Preferably, the electric quantity equalization control system further comprises a plurality of switch modules and a plurality of power conversion modules; each battery pack is correspondingly provided with a switch module and a power conversion module, the first end of the switch module is connected with the bus, the second end of the switch module is connected with the first end of the power conversion module, and the second end of the power conversion module is connected with the battery pack;
step S20 specifically includes:
s2011, the detecting module detects whether the electric quantity difference of any two battery packs exceeds a first difference threshold, if yes, then step S2012 is executed;
s2012, the controller generates a first control instruction;
s2013, the controller sends the first control instruction to switch modules of the two target battery packs;
s2014, the switch modules of the two target battery packs control the second ends of the switch modules of the two target battery packs to be communicated with the first ends according to the first control instruction, and then the power conversion module is called;
s2015, the power conversion module balances the electric quantity of the two target battery packs to be consistent.
Preferably, each battery pack includes a plurality of single batteries, and after step S10, the method for controlling power balance further includes:
s11, the battery electric quantity obtaining module obtains electric quantity data of each single battery in any battery pack;
s12, the detection module detects whether the electric quantity difference value of any two single batteries exceeds a second difference threshold value according to the electric quantity data of each single battery, if yes, the step S13 is executed;
and S13, the controller sequentially controls and connects the single batteries with highest electric quantity or lowest electric quantity in any battery pack, and balances the consistency of the electric quantity of each single battery in any battery pack.
Preferably, the electric quantity equalization control system further includes a plurality of switch matrixes, one switch matrix is correspondingly arranged for each battery pack, a first end of each switch matrix is connected with a second end of the power conversion module, and the second end of each switch matrix and a third end of each switch module are respectively connected with the battery pack;
step S11 specifically includes:
s1111, the detecting module detects whether the electric quantity difference of any two single batteries exceeds a second difference threshold, if yes, execute step S1112;
s1112, the controller generates a second control instruction;
s1113, the controller sends the second control instruction to a switch module of any battery pack and a switch matrix of any battery pack;
s1114, the switch module of any battery pack controls the second end and the third end of the switch module of any battery pack to be communicated according to the second control instruction;
s1115, sequentially communicating the power conversion module of any battery pack and the single battery with highest electric quantity or lowest electric quantity in any battery pack through the switch matrix of any battery pack according to the second control instruction;
and S1116, the power conversion module of any battery pack balances the single battery with the highest electric quantity or the lowest electric quantity and the electric quantity of each single battery in any battery pack until the electric quantity of each single battery in any battery pack is consistent.
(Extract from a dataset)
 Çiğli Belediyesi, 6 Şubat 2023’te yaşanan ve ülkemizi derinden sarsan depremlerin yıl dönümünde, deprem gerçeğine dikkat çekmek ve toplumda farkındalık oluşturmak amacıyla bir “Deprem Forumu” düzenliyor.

The positive progress effects of the invention are as follows: the electric quantity equalization control system of the battery system can solve the problem of battery equalization in the plug box so as to adapt to the requirement of large-scale lithium battery energy storage, can solve the problem of electric quantity equalization of single batteries in the plug box, only needs one set of circuit, and can greatly reduce the cost of the equalization device.
Drawings
Fig. 1 is a schematic block diagram of a power balance control system of a battery system according to embodiment 1 of the present invention.
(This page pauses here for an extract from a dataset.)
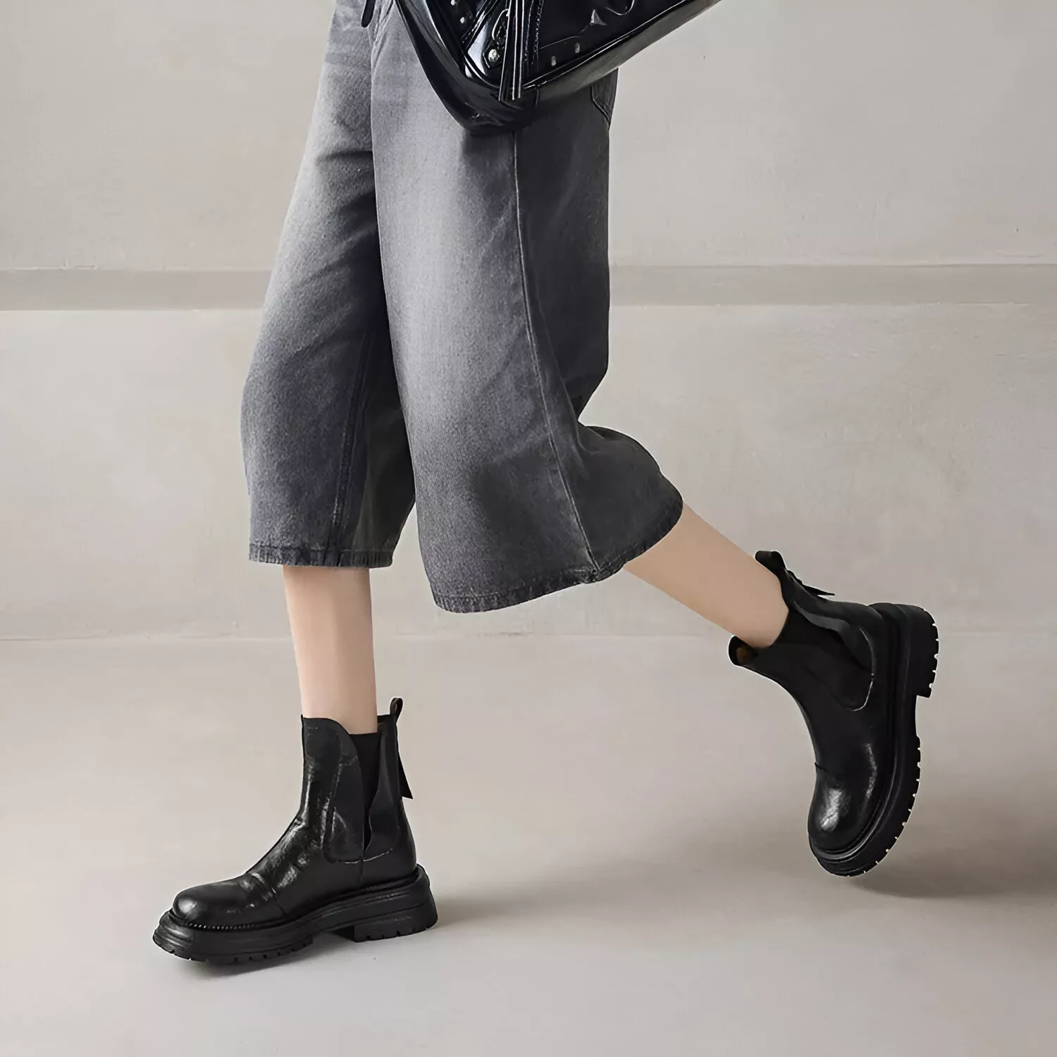 Women’s Chunky Heel Chelsea Boots – Split Leather Zip Platform Style

Fig. 2 is a schematic view of a partial structure of an electric quantity balance control system of a battery system according to embodiment 1 of the present invention.
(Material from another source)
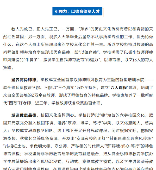 巍峨武功,人杰地灵;红色安源,人才荟萃。百余年前,在江西萍乡这片热土上诞生了安源路矿工人补习夜校,这是中国共产党应革命需要开展继续教育的一次卓越创举。今天,萍乡开放大学传承安源精神、赓续红色血脉,以“引领力+倒逼力+凝聚力”三力拉动、“以德育德+从严治考+用心服务”三轮驱动,奋力谱写以德育德、以文化人的开放教育新篇章。

Fig. 3 is a schematic structural diagram of a switch module in the electric quantity balancing control system of the battery system according to embodiment 1 of the present invention.
Fig. 4 is a schematic block diagram of a power balance control system of a battery system according to embodiment 2 of the present invention.
Fig. 5 is a schematic circuit diagram of a part of example 2 in embodiment 2 of the present invention.
Fig. 6 is a flowchart of a method for controlling power balance of a battery system according to embodiment 3 of the present invention.
Fig. 7 is a flowchart of step S20 in the method for controlling power balance of a battery system according to embodiment 3 of the present invention.
Fig. 8 is a flowchart of a method for controlling power balance of a battery system according to embodiment 4 of the present invention.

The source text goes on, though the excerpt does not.